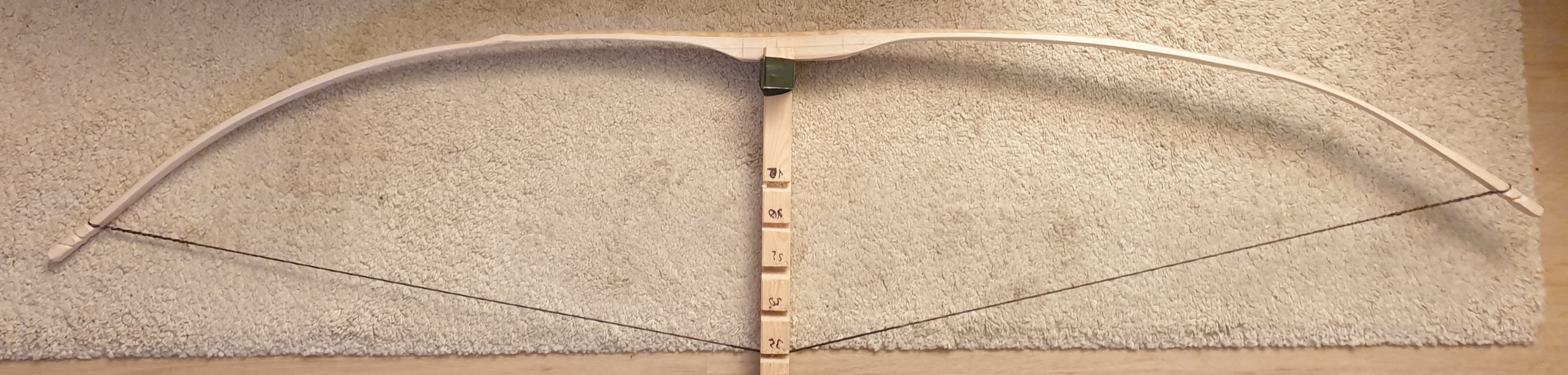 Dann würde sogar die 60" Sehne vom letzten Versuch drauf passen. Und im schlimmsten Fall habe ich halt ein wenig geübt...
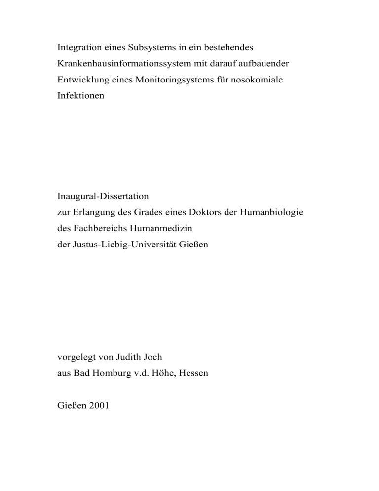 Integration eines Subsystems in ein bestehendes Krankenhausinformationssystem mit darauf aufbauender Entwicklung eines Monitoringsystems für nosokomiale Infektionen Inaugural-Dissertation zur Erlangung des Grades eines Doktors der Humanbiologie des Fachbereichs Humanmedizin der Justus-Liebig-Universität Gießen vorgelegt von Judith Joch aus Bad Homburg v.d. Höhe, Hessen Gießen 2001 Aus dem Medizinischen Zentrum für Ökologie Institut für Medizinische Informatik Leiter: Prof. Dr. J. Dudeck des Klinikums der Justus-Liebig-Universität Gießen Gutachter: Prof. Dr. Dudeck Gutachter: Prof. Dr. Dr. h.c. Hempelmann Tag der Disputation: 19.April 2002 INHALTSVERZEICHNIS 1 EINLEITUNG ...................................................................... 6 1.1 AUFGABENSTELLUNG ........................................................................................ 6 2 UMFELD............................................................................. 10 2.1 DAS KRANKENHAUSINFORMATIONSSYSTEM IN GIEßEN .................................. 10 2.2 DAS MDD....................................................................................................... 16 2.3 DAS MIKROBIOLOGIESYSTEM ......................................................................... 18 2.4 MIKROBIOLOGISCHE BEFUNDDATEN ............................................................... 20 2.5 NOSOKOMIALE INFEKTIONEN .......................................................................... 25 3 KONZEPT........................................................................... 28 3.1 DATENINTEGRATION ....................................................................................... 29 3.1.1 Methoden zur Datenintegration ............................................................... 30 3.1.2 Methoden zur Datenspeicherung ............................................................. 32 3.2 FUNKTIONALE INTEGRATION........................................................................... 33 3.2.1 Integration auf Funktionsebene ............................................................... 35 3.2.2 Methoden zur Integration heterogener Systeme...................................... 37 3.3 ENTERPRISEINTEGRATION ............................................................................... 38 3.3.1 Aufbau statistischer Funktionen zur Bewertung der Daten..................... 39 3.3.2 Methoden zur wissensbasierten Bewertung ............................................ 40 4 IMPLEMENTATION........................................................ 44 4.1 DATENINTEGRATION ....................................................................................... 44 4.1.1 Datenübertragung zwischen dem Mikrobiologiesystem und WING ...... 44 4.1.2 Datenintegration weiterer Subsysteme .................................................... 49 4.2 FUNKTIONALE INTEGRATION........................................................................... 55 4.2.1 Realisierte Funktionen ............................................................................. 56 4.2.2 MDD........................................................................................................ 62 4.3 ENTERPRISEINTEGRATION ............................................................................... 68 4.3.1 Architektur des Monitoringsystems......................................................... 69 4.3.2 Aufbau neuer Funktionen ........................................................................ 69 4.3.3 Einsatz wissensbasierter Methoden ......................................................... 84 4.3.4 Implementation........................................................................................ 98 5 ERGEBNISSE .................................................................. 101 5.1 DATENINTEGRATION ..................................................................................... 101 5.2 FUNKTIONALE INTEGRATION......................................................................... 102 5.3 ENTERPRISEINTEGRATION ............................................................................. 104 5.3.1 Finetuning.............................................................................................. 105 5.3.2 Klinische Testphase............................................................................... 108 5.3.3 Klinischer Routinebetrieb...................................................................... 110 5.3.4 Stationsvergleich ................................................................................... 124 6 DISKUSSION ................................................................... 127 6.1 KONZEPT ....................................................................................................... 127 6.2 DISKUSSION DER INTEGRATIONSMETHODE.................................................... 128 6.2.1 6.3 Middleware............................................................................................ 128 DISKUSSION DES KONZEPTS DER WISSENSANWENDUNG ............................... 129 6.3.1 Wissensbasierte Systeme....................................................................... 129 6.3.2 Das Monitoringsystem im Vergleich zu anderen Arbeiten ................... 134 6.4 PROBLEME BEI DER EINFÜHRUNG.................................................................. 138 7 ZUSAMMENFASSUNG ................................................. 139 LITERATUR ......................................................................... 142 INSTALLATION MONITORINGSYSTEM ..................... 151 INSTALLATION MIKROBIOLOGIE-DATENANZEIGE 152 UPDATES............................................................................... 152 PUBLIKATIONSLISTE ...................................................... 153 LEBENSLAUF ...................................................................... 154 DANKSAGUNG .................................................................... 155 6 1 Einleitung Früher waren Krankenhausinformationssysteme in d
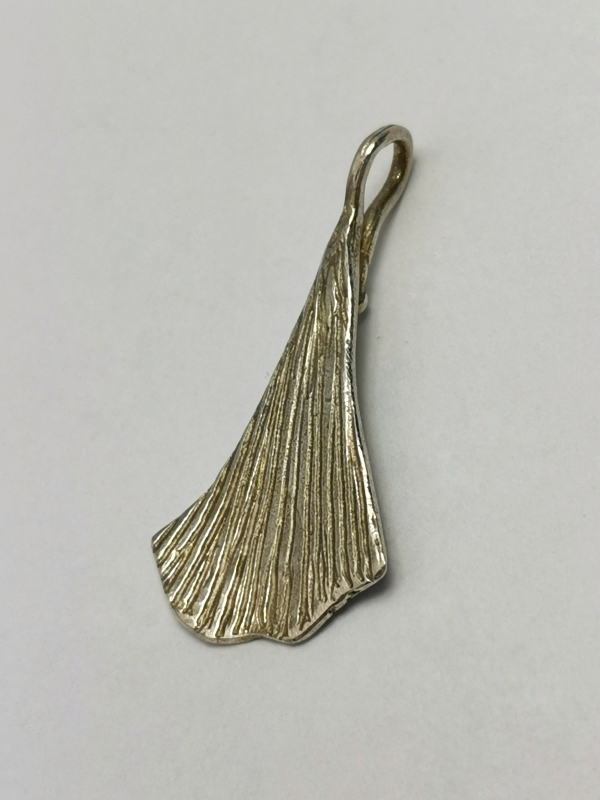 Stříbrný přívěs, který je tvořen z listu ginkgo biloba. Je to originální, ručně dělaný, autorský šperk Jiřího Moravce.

════════════════════

* ACTIVITY *
Make an exact copy of the whole listing, but don't bring over any pictures.

* RESPONSE AREA *
 Dann würde sogar die 60" Sehne vom letzten Versuch drauf passen. Und im schlimmsten Fall habe ich halt ein wenig geübt...
 Integration eines Subsystems in ein bestehendes Krankenhausinformationssystem mit darauf aufbauender Entwicklung eines Monitoringsystems für nosokomiale Infektionen Inaugural-Dissertation zur Erlangung des Grades eines Doktors der Humanbiologie des Fachbereichs Humanmedizin der Justus-Liebig-Universität Gießen vorgelegt von Judith Joch aus Bad Homburg v.d. Höhe, Hessen Gießen 2001 Aus dem Medizinischen Zentrum für Ökologie Institut für Medizinische Informatik Leiter: Prof. Dr. J. Dudeck des Klinikums der Justus-Liebig-Universität Gießen Gutachter: Prof. Dr. Dudeck Gutachter: Prof. Dr. Dr. h.c. Hempelmann Tag der Disputation: 19.April 2002 INHALTSVERZEICHNIS 1 EINLEITUNG ...................................................................... 6 1.1 AUFGABENSTELLUNG ........................................................................................ 6 2 UMFELD............................................................................. 10 2.1 DAS KRANKENHAUSINFORMATIONSSYSTEM IN GIEßEN .................................. 10 2.2 DAS MDD....................................................................................................... 16 2.3 DAS MIKROBIOLOGIESYSTEM ......................................................................... 18 2.4 MIKROBIOLOGISCHE BEFUNDDATEN ............................................................... 20 2.5 NOSOKOMIALE INFEKTIONEN .......................................................................... 25 3 KONZEPT........................................................................... 28 3.1 DATENINTEGRATION ....................................................................................... 29 3.1.1 Methoden zur Datenintegration ............................................................... 30 3.1.2 Methoden zur Datenspeicherung ............................................................. 32 3.2 FUNKTIONALE INTEGRATION........................................................................... 33 3.2.1 Integration auf Funktionsebene ............................................................... 35 3.2.2 Methoden zur Integration heterogener Systeme...................................... 37 3.3 ENTERPRISEINTEGRATION ............................................................................... 38 3.3.1 Aufbau statistischer Funktionen zur Bewertung der Daten..................... 39 3.3.2 Methoden zur wissensbasierten Bewertung ............................................ 40 4 IMPLEMENTATION........................................................ 44 4.1 DATENINTEGRATION ....................................................................................... 44 4.1.1 Datenübertragung zwischen dem Mikrobiologiesystem und WING ...... 44 4.1.2 Datenintegration weiterer Subsysteme .................................................... 49 4.2 FUNKTIONALE INTEGRATION........................................................................... 55 4.2.1 Realisierte Funktionen ............................................................................. 56 4.2.2 MDD........................................................................................................ 62 4.3 ENTERPRISEINTEGRATION ............................................................................... 68 4.3.1 Architektur des Monitoringsystems......................................................... 69 4.3.2 Aufbau neuer Funktionen ........................................................................ 69 4.3.3 Einsatz wissensbasierter Methoden ......................................................... 84 4.3.4 Implementation........................................................................................ 98 5 ERGEBNISSE .................................................................. 101 5.1 DATENINTEGRATION ..................................................................................... 101 5.2 FUNKTIONALE INTEGRATION......................................................................... 102 5.3 ENTERPRISEINTEGRATION ............................................................................. 104 5.3.1 Finetuning.............................................................................................. 105 5.3.2 Klinische Testphase............................................................................... 108 5.3.3 Klinischer Routinebetrieb...................................................................... 110 5.3.4 Stationsvergleich ................................................................................... 124 6 DISKUSSION ................................................................... 127 6.1 KONZEPT ....................................................................................................... 127 6.2 DISKUSSION DER INTEGRATIONSMETHODE.................................................... 128 6.2.1 6.3 Middleware............................................................................................ 128 DISKUSSION DES KONZEPTS DER WISSENSANWENDUNG ............................... 129 6.3.1 Wissensbasierte Systeme....................................................................... 129 6.3.2 Das Monitoringsystem im Vergleich zu anderen Arbeiten ................... 134 6.4 PROBLEME BEI DER EINFÜHRUNG.................................................................. 138 7 ZUSAMMENFASSUNG ................................................. 139 LITERATUR ......................................................................... 142 INSTALLATION MONITORINGSYSTEM ..................... 151 INSTALLATION MIKROBIOLOGIE-DATENANZEIGE 152 UPDATES............................................................................... 152 PUBLIKATIONSLISTE ...................................................... 153 LEBENSLAUF ...................................................................... 154 DANKSAGUNG .................................................................... 155 6 1 Einleitung Früher waren Krankenhausinformationssysteme in d
 Stříbrný přívěs, který je tvořen z listu ginkgo biloba. Je to originální, ručně dělaný, autorský šperk Jiřího Moravce.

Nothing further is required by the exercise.